## testing buzz data

on Thursday, October 20th, 2011 2:44 | by Julien Colomb

looking for a platform to share our trajectory data, I got interested in buzz data. They started a little contest, and since it seemed to be a nice way to test the functionality of the web site, I participated.

I downloaded the dataset of water consumption in Canada for the last years. The data is split by year and ward. I focused on the total water consumption and ran a little analysis.

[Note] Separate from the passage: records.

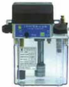
CESH 單旋鈕式 CESH Single Time Adjuster Type
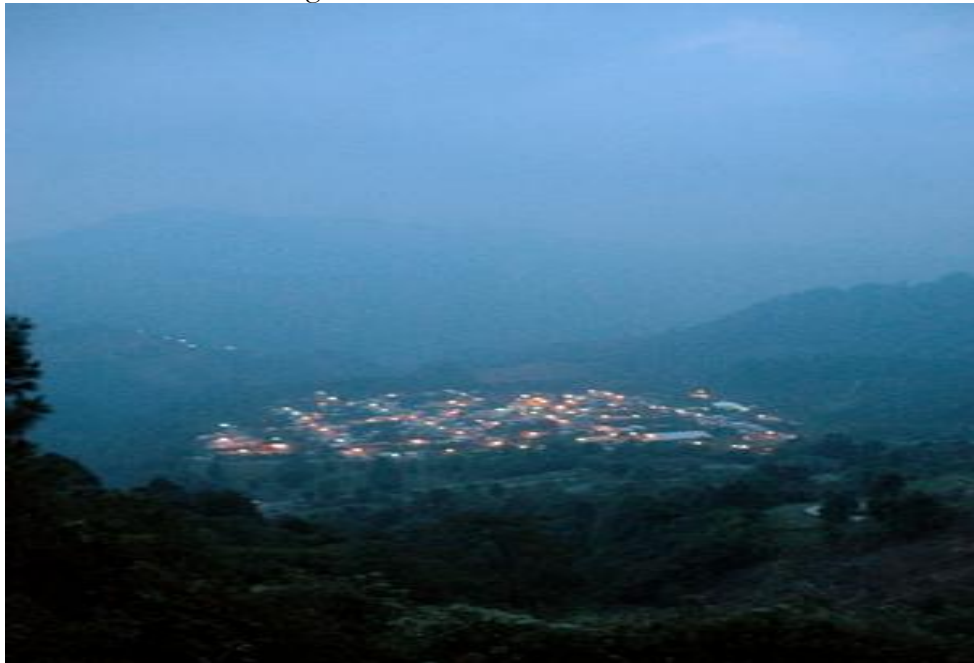
Fotografía 3: vista nocturna de kãñã'mã

La comunidad donde realicé el estudio se denomina Tapalapa, municipio libre de Chiapas, México. Es un poblado que forma parte de una amplia región donde habitaron y, en algunos casos, siguen habitando los zoques, una cultura ancestral, íntimamente conectada con los “mokayas” y olmecas. Antes de presentar algunos datos importantes sobre este antiguo poblado lo voy a ubicar, brevemente, en el contexto histórico del área zoque.
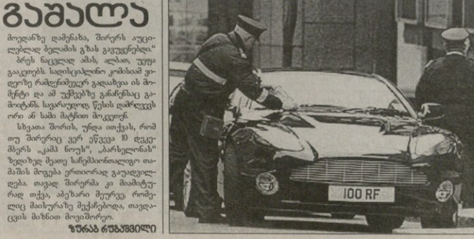
სხვათა შორის, უნდა თქვას, რომ თუ შორეიც ვერ ენებოა 10 დეკემბრის „აპს ნოუზ“, „პარსელონის“ უფიხედ მათე სარემონტოლორ თამაშს მოგება გრითორად გაუადვილდება თავად შორეისა კი მაიმეტე-რად თქვა, ამეზანი შორეიც რომე-რაც მაისურაც შექმნებოდა, თავდაცვის მხარით მოეპოვო.

გაზუთ „სანის“ ფოტორეპორტიორებს ხომ არაფერი გამოეპარებათ. აი ახლაც, მანჩესტერის საგზაო პოლიციის ორ თანამშრომელს მასონ „ჩააგულეს“, როცა ამათ ერთ-ერთ მალაზიაში საყიდლებზე შესული რიო ფერდინანდის მანქანას „მანჩესტერი იუნიტიტეში“ ტრავმირებული მცველის 160-ათას გირვანქიანი „ასტონ მარტინი“ 25 სანტიმეტრით იყო გადმოშორებული დასაშვებ ზოლს. ნუ ჩათვლით, რომ მსოფლიოს უფიციეს მცველს თავში აუფარდა. უბრალოდ, მისი მანქანა უფრო განიერია, ვიდრე გასაჩერებლად გამოყოფილი ალაგი. ფართო მანქანის პატრონს ჯიბეც ფართო აქვს — 40 გირვანქა ფარმის გადახად კვირში 70-ათასის მშვენიერ რიოს ნამდვილად არ დაახარალებს.
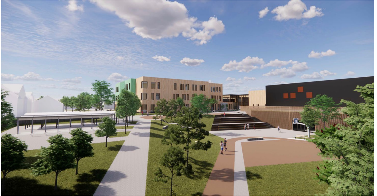
Illustrasjon 6. Skolegård/fritidspark sett fra sørøst.
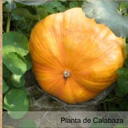
Planta de Calabaza
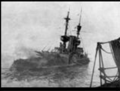
ภาพเหตุการณ์ในสมัยสงครามโลกครั้งที่ ๑ เป็นสงครามในแถบยุโรป
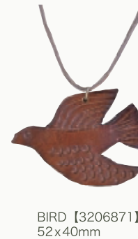
BIRD 【3206871】 52x40mm
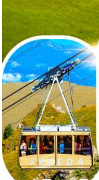
กระเช้าเซเคด้า
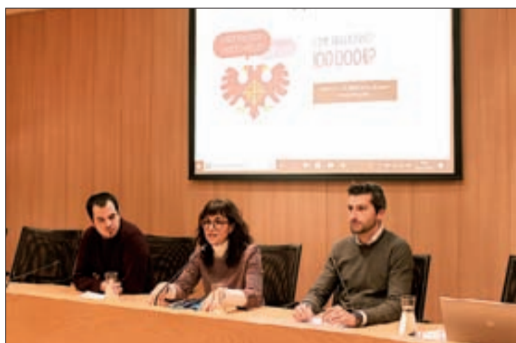
L'alcaldessa, a la sessió informativa dels comptes

D'aquesta manera, la capital de l'Urgell reprèn el procés de pressupostos participatius després de diversos parèntesis electorals. Totes les aportacions van ser recollides en el tram final de l'anterior mandat mitjançant via telemàtica i bústies físiques. Posteriorment, es van agrupar les propostes similars o repetides i se'n van des-

A simple ANOVA shows that the total consumption is dependent on the year, the ward and the combination of the two (this means that the differences between years consumption is not equivalent in the distinct wards). In the visualization, one can see that the mean consumption decreased in the last three years (black dots are means of consumption for each year). In the trace for each ward, we can pick particular wards with specific results. For instance ward 11 had a huge increase in consumption in 2002; and ward 2 decrease its (relative to the other very important) consumption every year since 2002.

anova results

Df Sum Sq Mean Sq F value Pr(>F) data$Year 1 6.2445e+13 6.2445e+13 110.0587 < 2.2e-16 *** data$Ward 43 5.1300e+15 1.1930e+14 210.2682 < 2.2e-16 *** data$Year:data$Ward 43 1.0535e+14 2.4500e+12 4.3181 2.399e-15 *** Residuals 396 2.2468e+14 5.6738e+11 --- Signif. codes: 0 ‘***’ 0.001 ‘**’ 0.01 ‘*’ 0.05 ‘.’ 0.1 ‘ ’ 1------

The test show that it is quite easy to take data and perform its own analysis. Buzz data is not (yet?) very good in updating data, since there is no way to directly add data (in this case, once the 2011 data come, it will be needed to download the dataset, add the new data and reupload the new dataset. Not very convenient.

Hi Julien,

Thanks for writing about BuzzData, even if what we’re building is solving a different set of problems than what you’re hoping for.

For us it is still early days as we finalize what we consider to be our initial offering. Our strategy from the beginning was to not attempt to re-invent what people can already do with Excel or Google Spreadsheets. I appreciate that you wish to be able to update data right on the site, and we are working on that.

However, I’m even more excited about being able to provide even more convenient ways to keep your data syncronized. Ideally, you shouldn’t have to go to a website to update your data, and we’re working hard to make it so that changes you make locally will be updated on the web, and anyone following your dataset will be notified of the changes as well.

That is when things start to get really interesting. In the meantime, we appreciate your patience as we continue to build the product. Keep the suggestions coming!

Pete

How about FigShare? I’ve already deposited data and a figure there…